A golden name plate announced Leonardo. The old guy standing behind sandboarding his fingers. Fine Firenzen eyes, face like red chalk, long white hair that curled wildly into his beard. He was wearing a white golf shirt with a koala bear emblem, tan slacks and brown shoes with high gloss tassels. "I believe you were hit by the 56C as you ill advisedly tried to cross rush hour traffic at Fourth and Grant."

"You nitwit, that wasn't me. It was the guy next to me. I just bent over to pick-up the quarter that he dropped. He ran out into the traffic!"

The old man shrugged his shoulders. "Heart attack then."

"It most certainly was not a heart attack! I just had a check up. My cholesterol is way down and my veins and arteries are, to quote Doctor Hennessey 'supple and clear as a baby's'."

"Brain tumor?"

"Impossible, just got a clean chart on a CAT scan!"

"Cancer?"

"It was none of those. I'm as healthy as a horse. Can't you just admit you made a mistake? Just send me back down the escalator."
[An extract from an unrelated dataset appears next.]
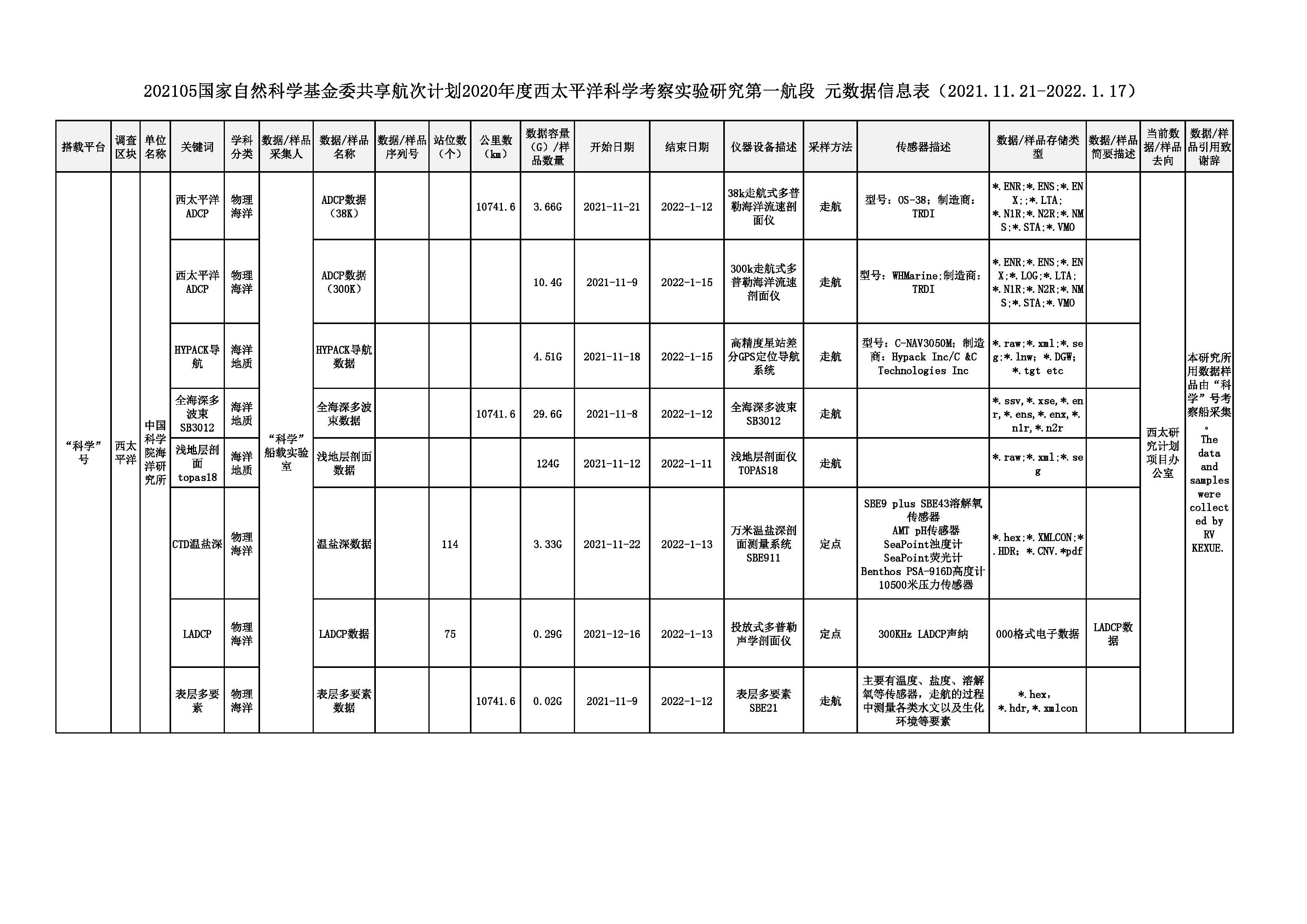 国家自然科学基金委共享航次计划2020年度西太平洋科学考察实验研究第一航段(2021.11.21-2022.1.17))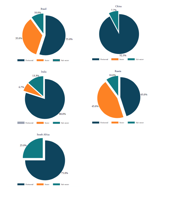 A country-specific analysis in Figure A3 shows that indeed across all countries most LCRS are comprised of a horizontal nature. In China, India and South Africa more than three thirds of the LCRs are applied on a horizontal level, while in Brazil more than half of the measures are horizontal and in Russia slightly less than half which are horizontal. These latter two emerging economies have a much higher share of LCRs which are specifically targeted at the automotive industry. Narrowing down to the specific sub-sector of heavy vehicles, our analysis also shows that all BRICS countries have LCR measures in place which specifically target the sub-sector of heavy vehicles.

"I invented that you know?"

"What?"

"The escalator! Before I came on board you had to climb a really long set of steps."

"Swell! What about me? I have a staff meeting at one, and a proposal due at five. Nothing'll get done if I don't get back!"

"You ever hear of a man called Miyamoto Musashi. Wrote Go Rin No Sho. The Book of Five Rings?"

"No!"

"He says that the samurai should always be ready for death."

"So?"

"Well, one of the things you do to prepare is to always have your life in order."

"Sounds great but I'm not a Samurai! Besides, you duffuses mucked everything up! You should have taken the guy next to me. A whole Port Authority Transit Bus smacked into him. What about him?"

Leonardo flips through an account book that rests on a table next to his throne. "Oh, you'll be glad to know that he's fine. Slipped under the wheels and then slid into the storm sewer. Had a terrible smell of decaying vegetation about him in the ambulance, but he's been released from the hospital with some minor contusions. Says he has a whole new lease on life." The old man looked at him beatifically.

"What? Is that supposed to make me happy?"

"No, I guess not. From the looks of things his wife isn't celebrating either."

"This isn't fair! I wasn't bothering anyone. Just a taking a quiet minute on the street for a smoke and POW, you grab the wrong guy."

Leonardo gives a look of sympathy that really says nothing.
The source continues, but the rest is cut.